In order to explain this, I need you to take a step with me into my own personal life and practice. With that said, you have to remember this is my own personal practice that has been created and developed over the years, and it is continually evolving based upon experiences that introduce themselves into my life, such as the one I just shared about a friend taking their life. Experiences like these make me take a step back and question what I am doing. And I mean, rightfully so. No? We have choices in these moments of what to do with new information and I go back to what I call Basecamp. It’s the home that resides within myself where I can allow myself to feel and reassess what is happening inside. It is an opportunity to reground and really to go back to the basics, which is basically remembering my personal foundation.


With that said, I have an inter-spiritual practice with Christianity and Buddhist teachings. And there it is. I think I just heard it, the close of the tab, a scoff in a throat from many for one reason or another. There is much anger and frustration for those who have had really horrible experiences with Christianity or the like. So, really, even based upon my own experiences, I don’t blame them. I don’t make excuses for any of it. I too have had to walk away from what I thought I knew in order to regroup and find answers to many frustrations and pure rage over what I have felt have been judgements about my spiritual character, or for other reasons I could categorize into spiritual abuse. And this gives rise for me to back the train up and share a little more in depth about my personal journey into a spiritual practice.

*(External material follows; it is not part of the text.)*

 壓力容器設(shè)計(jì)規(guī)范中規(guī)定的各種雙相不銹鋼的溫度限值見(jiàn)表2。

Over 12 years ago, I went silent, walking away from what I thought I knew to be my personal base of spirituality. I hiked back down to Basecamp, away from most people, away from church, etc. Throughout this process, my paradigm of what I thought spirituality was, began to shift. I realized throughout most of my life I didn’t have a personal practice I could call my own. I did whatever I was told in remote recitations. Memorizing passages, hymns, and the like, that I can now say have their place, but at that time, it wasn’t connecting within my heart as much as it could. I had a deep longing to rebuild my own foundation of spirituality, asking myself, What do I personally believe?

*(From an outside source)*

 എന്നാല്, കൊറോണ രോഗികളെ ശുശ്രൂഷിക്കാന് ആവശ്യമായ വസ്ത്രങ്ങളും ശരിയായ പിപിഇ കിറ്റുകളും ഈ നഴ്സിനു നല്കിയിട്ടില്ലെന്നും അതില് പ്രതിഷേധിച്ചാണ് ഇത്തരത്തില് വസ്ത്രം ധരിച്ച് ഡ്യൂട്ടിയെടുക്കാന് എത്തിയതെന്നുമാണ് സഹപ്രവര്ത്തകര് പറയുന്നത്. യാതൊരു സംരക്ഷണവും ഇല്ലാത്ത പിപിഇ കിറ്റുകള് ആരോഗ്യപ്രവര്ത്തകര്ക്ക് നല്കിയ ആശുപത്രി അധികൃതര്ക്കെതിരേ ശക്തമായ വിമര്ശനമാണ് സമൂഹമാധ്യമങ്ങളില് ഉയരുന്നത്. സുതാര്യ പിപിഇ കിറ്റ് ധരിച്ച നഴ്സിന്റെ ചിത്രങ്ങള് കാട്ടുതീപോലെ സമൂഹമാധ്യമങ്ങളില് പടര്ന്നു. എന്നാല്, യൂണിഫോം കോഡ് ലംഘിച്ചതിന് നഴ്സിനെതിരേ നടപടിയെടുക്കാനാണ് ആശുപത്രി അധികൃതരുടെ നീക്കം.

Along this path, I have met so many people that offered me guidance and space to grow. These are only a few of them. My Dumbledore professor at Concordia asked me what my definition of spirit was and how this relates to expression. My friend Kristine sat there and listened to me ad nauseum as I unpacked that question. Yoga entered my life around that same time, and I mean Tibetan Buddhist yoga, the spiritual stuff, to which my friend Meg and I have amazing discussions based upon my own questions and vice versa, and my parents and I discussed many of my curiosities. Within all of these experiences and connections I could feel myself literally shifting into my personal relationship and understanding of God, faith, love, compassion, and what it means to be connected on a very deep personal level with Spirit. I began going back to church, and slowly the inter-spiritual practices naturally merged. I had to push out other’s judgments, and unselfishly, focus on myself. This turned into daily meditations infused with prayer, readings and study of spirituality, yes, including the Bible, hiking in nature, which is honestly where I find the most clarity that is needed as part of my personal practice. Nature is my muse and much of my return to self. All of this helped me to create Basecamp within myself. Therein lies a place to search doubts as well as where I find my confidence. It’s a renewed sense of self that develops harmony with all of life.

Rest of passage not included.